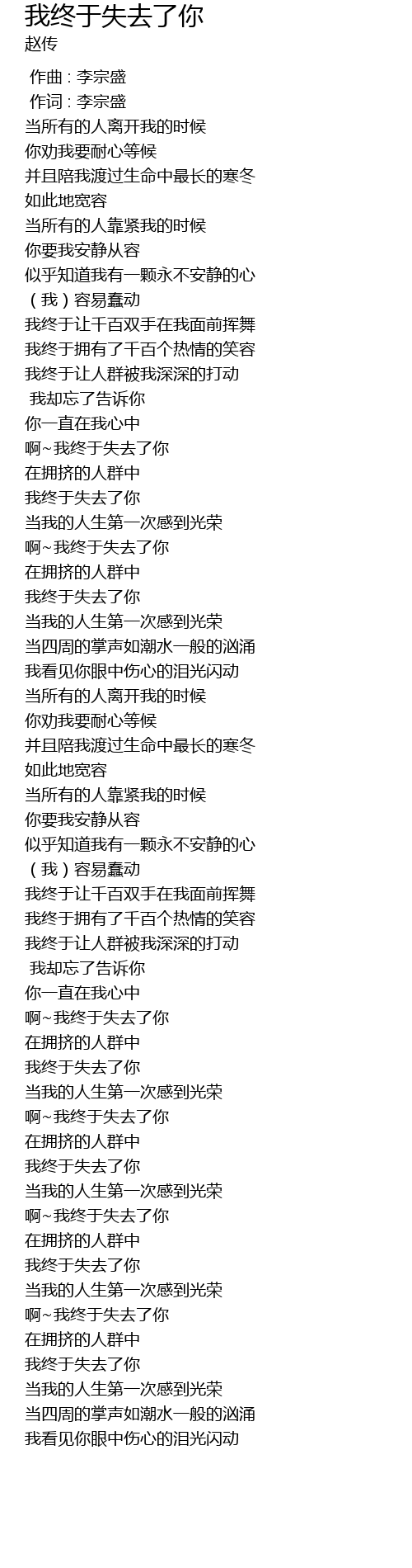 | [04:19.100] | wǒ zhōng yú shī qù le nǐ |
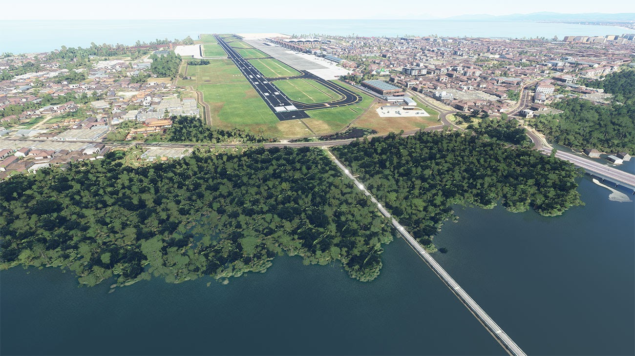 “Thanks to a recent overhaul, it is equipped with entirely new, modern international terminal facilities. The surrounding area of the airport used to be pure forest/jungle but has since been built densely with housing/hotels and numerous small buildings” Aerosoft states.
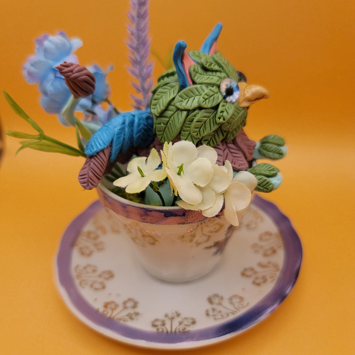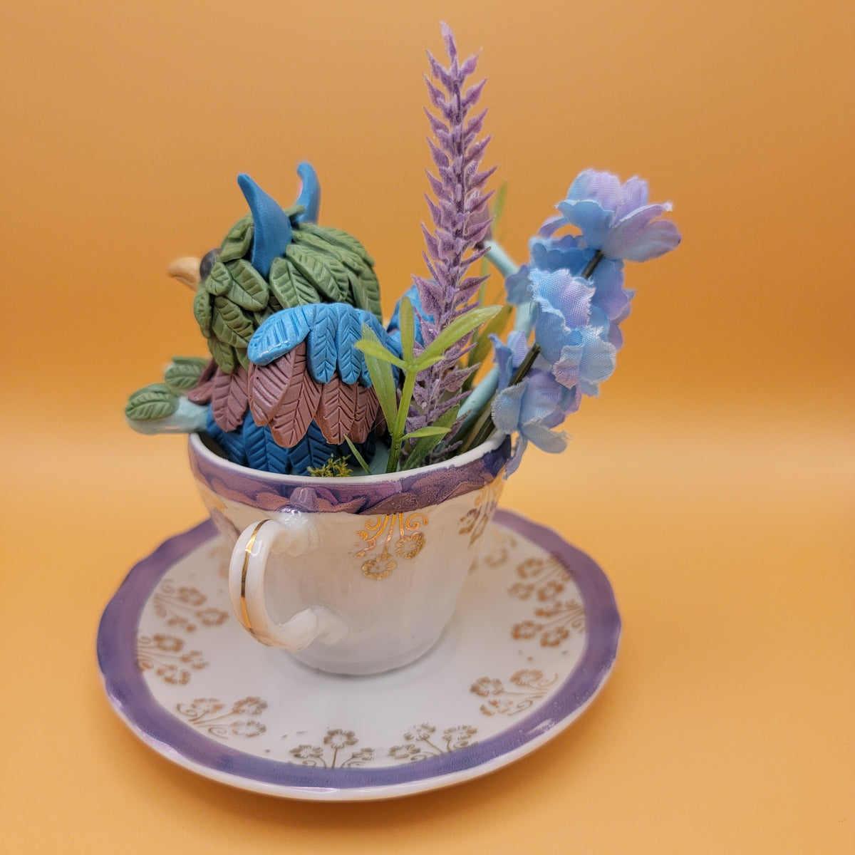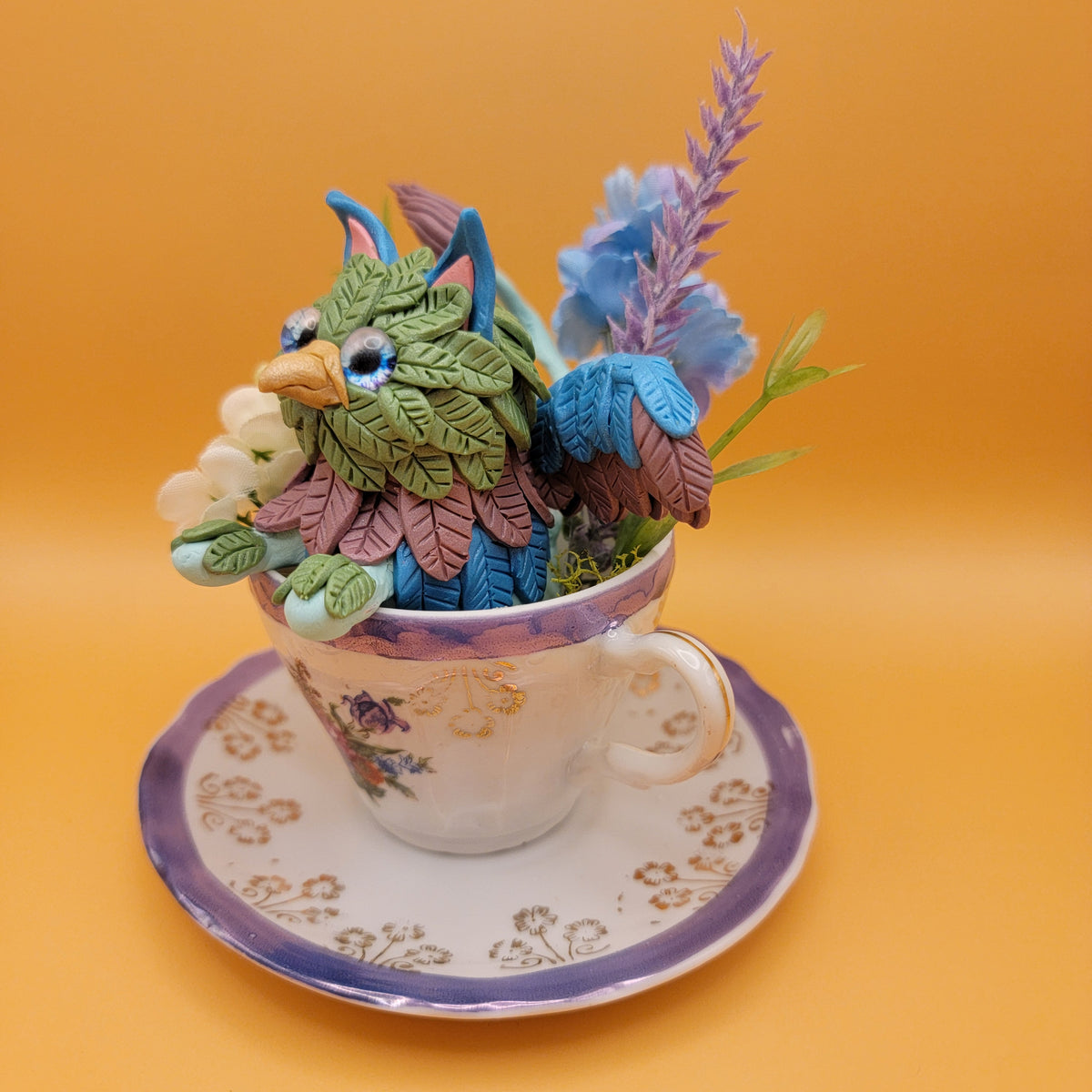 Paulie is a playful mini teacup griffin in a demitasse teacup. It is green, purple, and turquoise, surrounded by flowers. Paulie is the smallest of the griffin bunch, this little polymer clay griffin has approximately 102 feathers, each one cut and textured by hand.
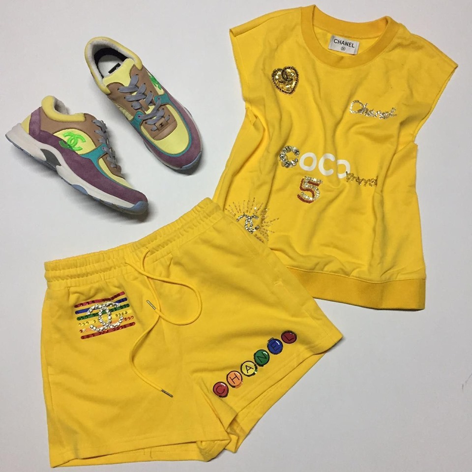 Женский костюм Chanel LUX-14171 представлен в ярком желтом цвете. Комплект состоит из футболки с короткими рукавами и шорт, оба элемента украшены узнаваемым логотипом бренда и декоративными элементами. Этот стильный костюм идеально подойдет для создания расслабленных, но при этом модных образов в стиле casual.
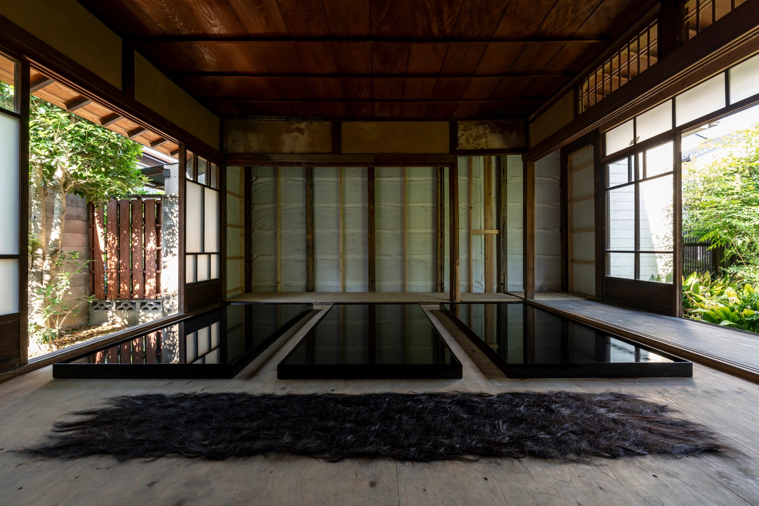 Relics of Light series, Japanese Lacquer (漆), water, black human hair, 300x300cm, Kyoto, Japan
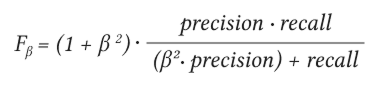 β в данном случае определяет вес точности в метрике. Мы используем β = 1, так как предполагаем, что Precison и Recall имеют одинаковую важность.
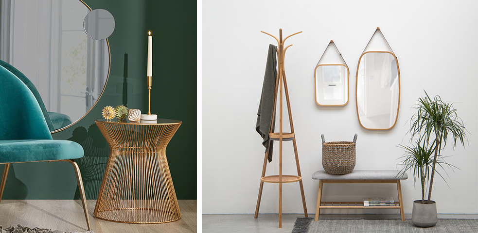Gebruik reflecterende materialen zoals spiegels, glas en metaal in je interieur. Deze zorgen er namelijk voor dat er meer licht verspreid wordt en laat de kamer groter lijken. Bovendien is een spiegel een perfecte illusie, je hersenen zijn ervan overtuigd dat de reflectie deel uitmaakt van je interieur.
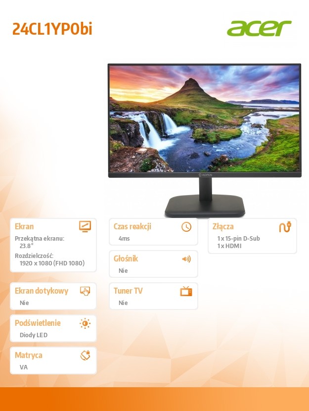 Monitor 24CL1YP0bi wyróżnia się doskonałą jakością obrazu. Dzięki przekątnej ekranu o wielkości 23,8 cala oraz proporcjom 16:9, każdy szczegół na ekranie jest wyraźny i ostro zarysowany. Matryca VA zapewnia szerokie kąty widzenia, co sprawia, że obraz jest doskonale widoczny nawet podczas długotrwałego korzystania z monitora.
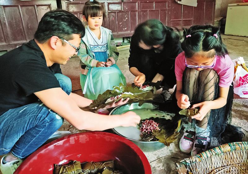 張芳棉家住商州區(qū)沙河子鎮(zhèn),由于三個(gè)兒女在城區(qū)工作生活,因此這些年她一直都在城里幫忙照看孫子、孫女,很少回老家。但每年端午節(jié)前,張芳棉都會提前到菜場去買好槲葉、蘆葦葉、小米、黃米、糯米、大棗、四季豆等材料,提前一天回到老家煮好槲葉、蘆葦葉、馬蓮,泡好米、四季豆。在端午節(jié)前那個(gè)周末,這一家人不管多忙,都會聚在一起包粽子。“自己包的粽子,好吃還放心,比在外面買的好多了。”張芳棉高興地說,“過節(jié)了大家都回來,多熱鬧呀。”
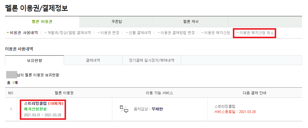 [마이뮤직] 상단에서 [이용권 해지신청 취소]를 눌러주시면
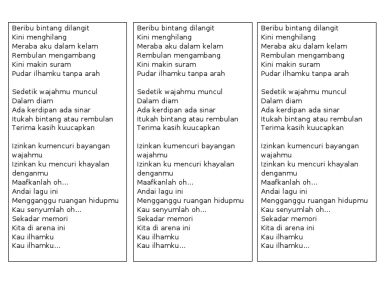 Di blog ini kami hanya memaparkan lirik lagu. Beribu bintang dilangit kini menghilang meraba aku dalam kelam rembulan mengambang kini makin suram pudar ilhamku tanpa arah sedetik wajahmu muncul dalam diam ada.
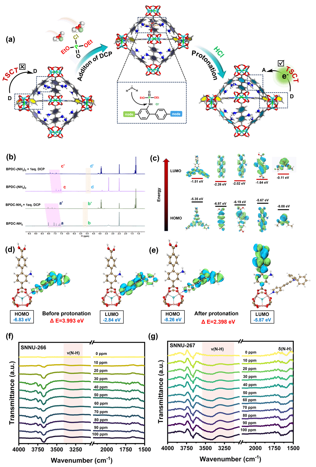 通过空间电荷转移(TSCT)实现动态环境响应型发光是开发高性能荧光传感器的关键策略,但传统小分子TSCT体系需复杂“V/U型”结构设计以保证供体(D)与受体(A)的空间匹配,合成难度大且易受构象柔性影响导致机制混杂;聚合物TSCT平台虽可调控D-A排列,但精准度不足。金属有机框架(MOFs)凭借结晶多孔性与结构可调性,为TSCT调控提供理想载体,但其孔内D-A空间排布的精准控制仍是难题。同时,沙林等神经性毒剂毒性极强,氯磷酸二乙酯(DCP)作为其模拟物,且现有传感器存在检测限高、响应慢或选择性差等问题。因此,开发兼具精准TSCT调控与高效DCP检测能力的MOF材料,成为解决荧光传感机制调控与毒剂检测实用化的双重需求。
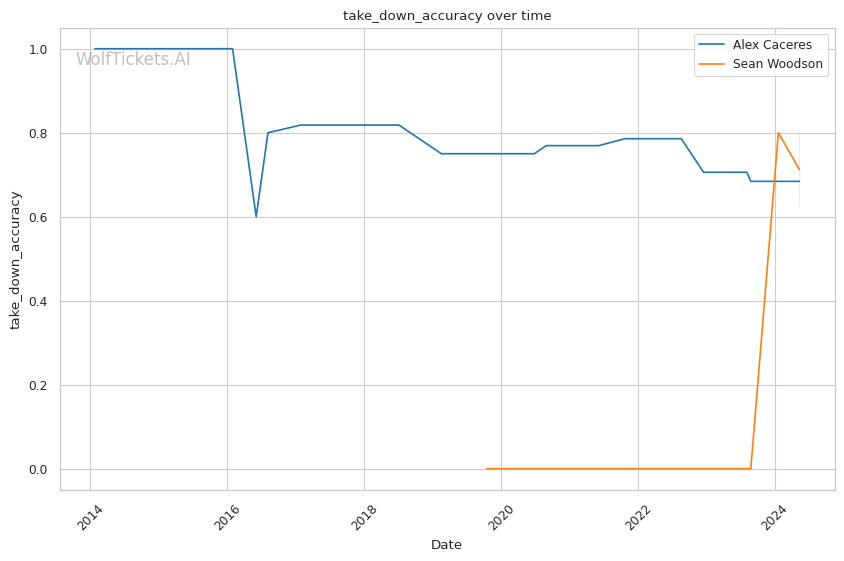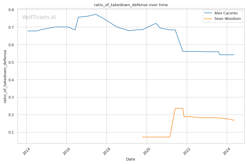Defensively, Woodson is hard to hit cleanly due to his movement and strike avoidance. Opponents have struggled to take him down as well, only landing takedowns on 15% of their attempts against Woodson in the UFC.

================

#### TASK PROMPT
Give back an exact repeat of the lines from the top of the data through the line that holds "β в данном случае", both included, and omit pictures.

#### RESULT FOR THIS EXERCISE
 | [04:19.100] | wǒ zhōng yú shī qù le nǐ |
 “Thanks to a recent overhaul, it is equipped with entirely new, modern international terminal facilities. The surrounding area of the airport used to be pure forest/jungle but has since been built densely with housing/hotels and numerous small buildings” Aerosoft states.
 Paulie is a playful mini teacup griffin in a demitasse teacup. It is green, purple, and turquoise, surrounded by flowers. Paulie is the smallest of the griffin bunch, this little polymer clay griffin has approximately 102 feathers, each one cut and textured by hand.
 Женский костюм Chanel LUX-14171 представлен в ярком желтом цвете. Комплект состоит из футболки с короткими рукавами и шорт, оба элемента украшены узнаваемым логотипом бренда и декоративными элементами. Этот стильный костюм идеально подойдет для создания расслабленных, но при этом модных образов в стиле casual.
 Relics of Light series, Japanese Lacquer (漆), water, black human hair, 300x300cm, Kyoto, Japan
 β в данном случае определяет вес точности в метрике. Мы используем β = 1, так как предполагаем, что Precison и Recall имеют одинаковую важность.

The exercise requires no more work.